Ultrafast relaxation dynamics of the antiferrodistortive phase in Ca doped SrTiO3

TL;DR

This study investigates the ultrafast relaxation of structural distortions in Ca-doped SrTiO3 using time-resolved x-ray diffraction, revealing a sub-picosecond response driven by photoinduced electronic changes.

Contribution

It demonstrates the ultrafast, temperature-independent relaxation dynamics of the antiferrodistortive phase in Ca:SrTiO3 and links it to electronic effects via density functional theory.

Findings

Ultrafast 0.2 ps relaxation of octahedral rotation observed.

Relaxation is independent of initial temperature.

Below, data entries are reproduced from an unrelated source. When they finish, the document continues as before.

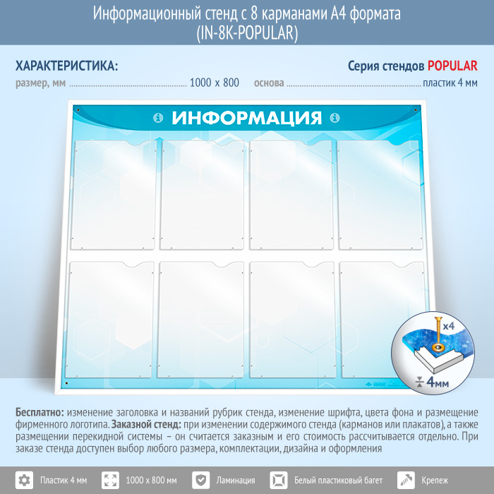 Информационный стенд с 8 карманами А4 формата (IN-8K-POPULAR) в Щёлково купить
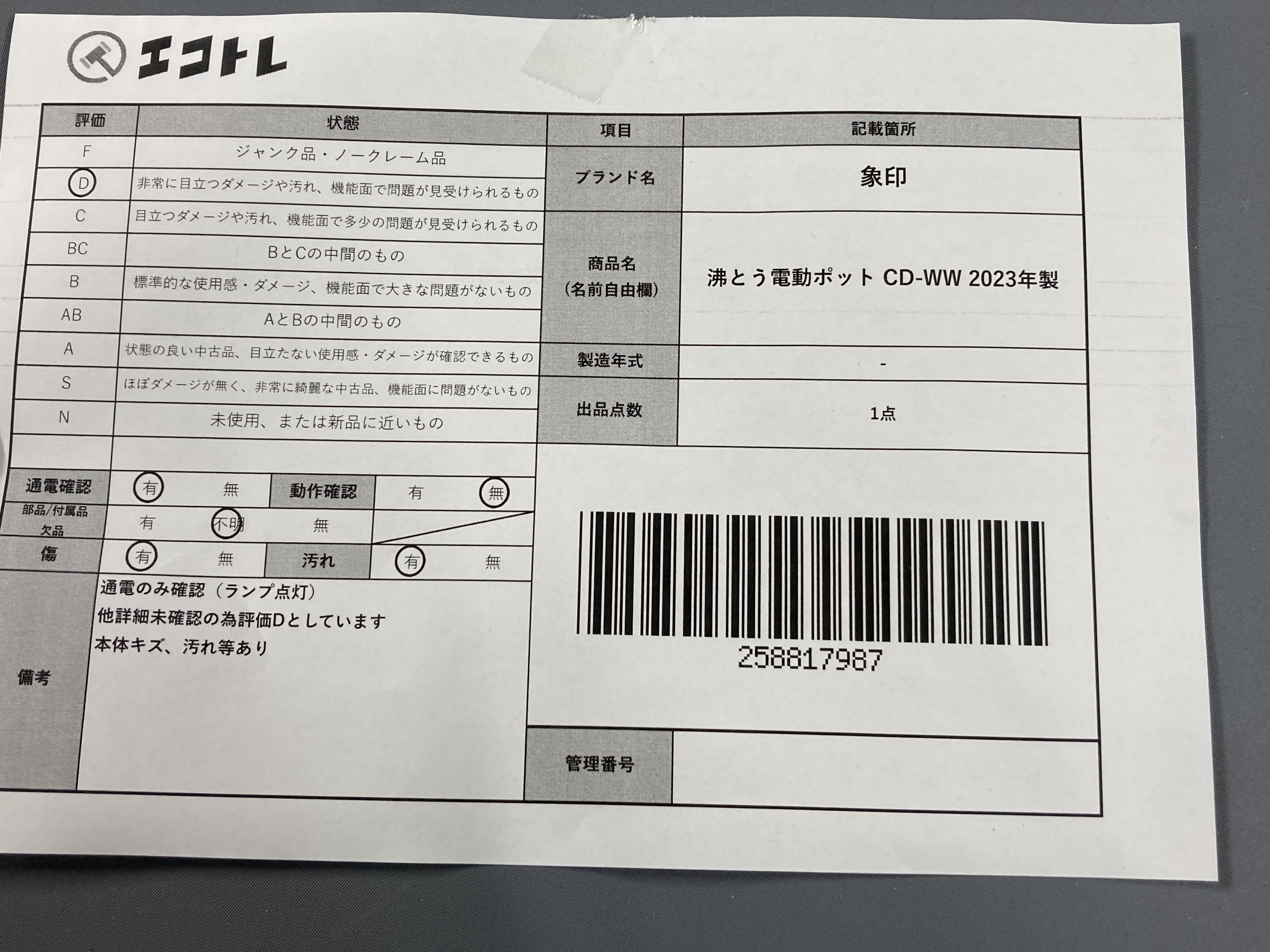 ▼SHIPPING TO JPN ONLY▼ 商品内容によって、JITBOXなどでの発送となる可能性がございます事ご理解下さい。年式などの商品情報詳細は写真にてご確認願います。※ご入札の際はご利用規約をよくお読みになってからのご参加お願いします。","タイプライン":"","カテゴリ":"家電","形状コード":"その他家電","付属品コード":"","シリアル・シール・型番":""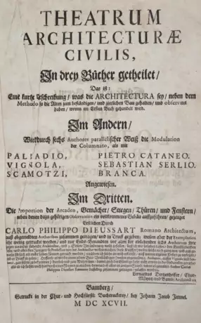 Ornamentstichkat. Bln. 1973. Frühe Ausgabe, die erste Ausgabe erschien in Güstrow im Jahre 1682. - Behandelt im ersten Buch die Architektur allgemein und den Umgang mit Baumaterialien. Das zweite Buch befasst sich mit den italienischen Meistern der Architektur, wie Palladio, Serlio, Vignola und Scamozzi, während das dritte Buch die eigenen Vorstellungen und Entwürfe des Autors, der den niederländischen Klassizismus vertrat, darstellt. Der Herausgeber war Leonhard Dientzenhofer (1660-1707), der Hofbaumeister unter dem Bamberger Fürstbischof Lothar Franz von Schönborn war und u.a. das Kloster Banz erbaute. - Im Block teils gelöst, etwas leimschattig im Vorsatz, Kupfer- u. Drucktitel teils gelöst und knickfaltig, insgesamt finger-, braun- und feuchtfleckig sowie teils knickspurig.

Electronic excitation causes displacive soft-mode modification.

Abstract

The ultrafast dynamics of the octahedral rotation in Ca:SrTiO3 is studied by time resolved x-ray diffraction after photo excitation over the band gap. By monitoring the diffraction intensity of a superlattice reflection that is directly related to the structural order parameter of the soft-mode driven antiferrodistortive phase in Ca:SrTiO3, we observe a ultrafast relaxation on a 0.2 ps timescale of the rotation of the oxygen octahedron, which is found to be independent of the initial temperaure despite large changes in the corresponding soft-mode frequency. A further, much smaller reduction on a slower picosecond timescale is attributed to thermal effects. Time-dependent density-functional-theory calculations show that the fast response can be ascribed to an ultrafast displacive modification of the soft-mode potential towards the normal state, induced by holes created in the oxygen 2p states.